En aquel instante apareció Pierron llevando en la mano una linterna de capataz. Hacía ocho días que era jefe de una brigada en Juan-Bart, y todos los obreros se separaban a su paso, porque el ascenso le había hecho tan orgulloso, que nadie podía sufrirle.
El encuentro con Esteban le contrarió; pero a pesar de eso, se acercó a él para saludarlo, y se tranquilizó cuando le oyó decir que iba a despedirse. Hablaron de todo un poco. Su mujer había comprado el cafetín del Progreso, gracias al apoyo de los señores de la Compañía, que seguían distinguiéndola mucho. Pero se interrumpió para regañar al tío Mouque, a quien acusaba de no haber bajado el pienso para los caballos a la hora reglamentaria. El pobre viejo lo oía con la espalda encorvado y bajando la cabeza. Luego, antes de bajar, sofocado con aquella reprimenda, estrechó también la mano de Esteban, con tanta efusión como los demás, dándole un apretón en el que había mucho de promesa de aprovechar la primera ocasión que se presentara para vengarse, y aquella mano que estrechaba la suya, aquel pobre viejo que le perdonaba la muerte de sus dos hijos, le emocionó de tal manera, que lo vio desaparecer por el pozo sin haberle podido decir una palabra.
—¿No viene hoy la viuda de Maheu? —preguntó a Pierron al cabo de un momento. Éste hizo como que no oía, pues sólo con hablar de ella podía uno llamar sobre sí la mala sombra. Luego, alejándose de allí con el pretexto de dar una orden:
—¿No preguntabas por la Maheu?… Ahí viene.
Y, en efecto, la pobre mujer salía de la barraca, con la linterna en la mano, vestida de hombre, y con el cabello oculto por un pañuelo atado cuidadosamente. Era una excepción que la Compañía, siempre caritativa, había hecho en consideración a ella, permitiéndole trabajar a los cuarenta años, debido a sus terribles desventuras; y como parecía difícil emplearla otra vez en el arrastre, la habían destinado a manejar un pequeño ventilador instalado poco antes en la galería Norte, en aquellas regiones infernales, debajo del Tartaret, en las cuales se hacía difícilmente la renovación del aire. Ganaba treinta sueldos.

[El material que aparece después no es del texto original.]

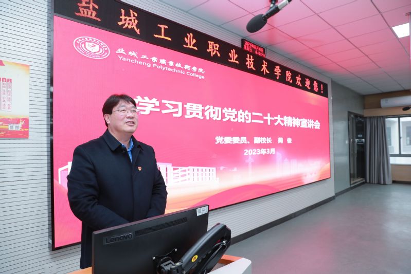 3月17日下午,学校党委委员、副校长蔺俊在公共组团2504智慧教室为联系点党员师生和入党积极分子作《学习贯彻党的二十大精神》宣讲报告。建筑工程学院、信息与安全学院全体中层干部、党员师生、入党积极分子参加了此次学习。
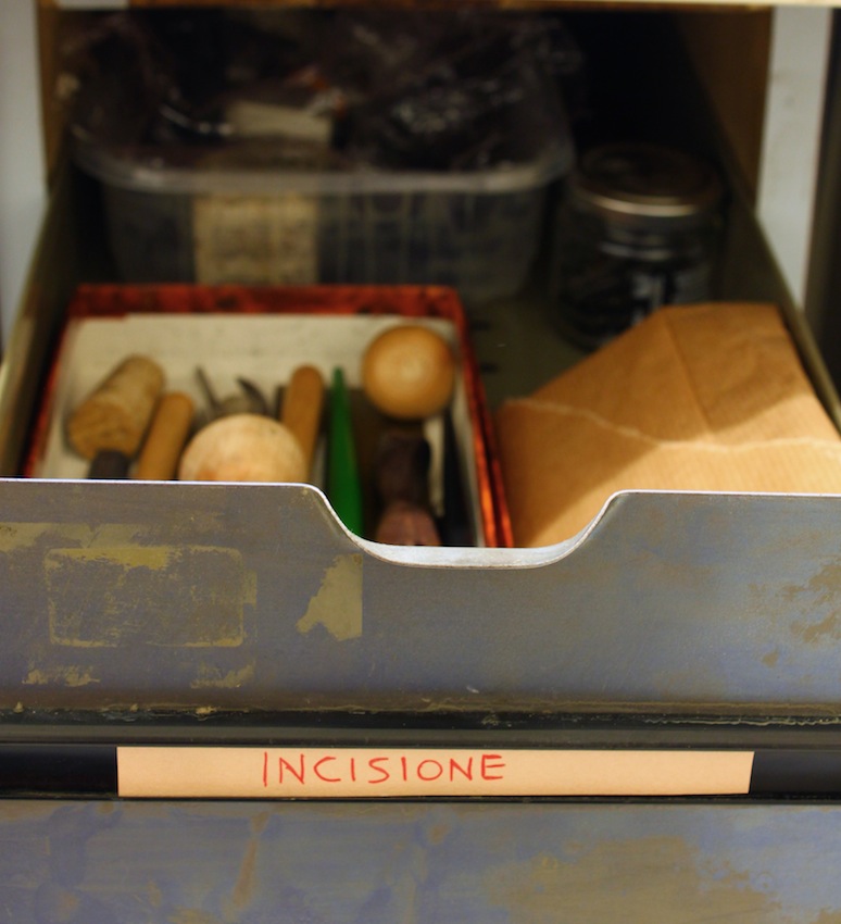 – lo studiolo: una stanza privata a disposizione degli artisti dove avviene tutto ciò che non fa strettamente parte del processo di stampa. L’artista può qui preparare la lastra, completarla, disegnare, acquarellare, pensare etc.

Cuando Esteban la vio con aquel traje de hombre que le sentaba ridículamente, no encontró palabras con que decirle que se marchaba, y que no había querido dejar de despedirse de ella.
La pobre viuda lo oyó sin escucharlo, y luego dijo tuteándolo:
—¡Eh! ¿Te asombra verme así?… Es verdad que amenacé a los míos con ahogarlos si volvían a trabajar; ahora trabajo yo también, y, por lo tanto, debía ahogarme a mí misma… ¡Ah! Ya lo hubiese hecho, si no tuviese en casa al pobre viejo y a los niños.
Continuó hablando con voz cansada. No buscaba excusas ni pretextos; no hacía más que relatar sencillamente las cosas, diciendo que habían estado a punto de morirse todos, y que se había decidido a trabajar para que no la echasen de la casa.
—¿Qué tal está el viejo? —preguntó Esteban.
—El pobre no da trabajo, pero su cabeza está cada vez peor… ¿Ya sabes que salió bien de la causa aquella de asesinato? Quisieron llevarlo a un manicomio, pero yo no quise, temiendo que acabaran de matarlo… Todo aquello, sin embargo, nos ha hecho mucho daño, pues se niegan a concederle la pensión, porque sería inmoral dársela, según me dijo el otro día un señor en la Dirección.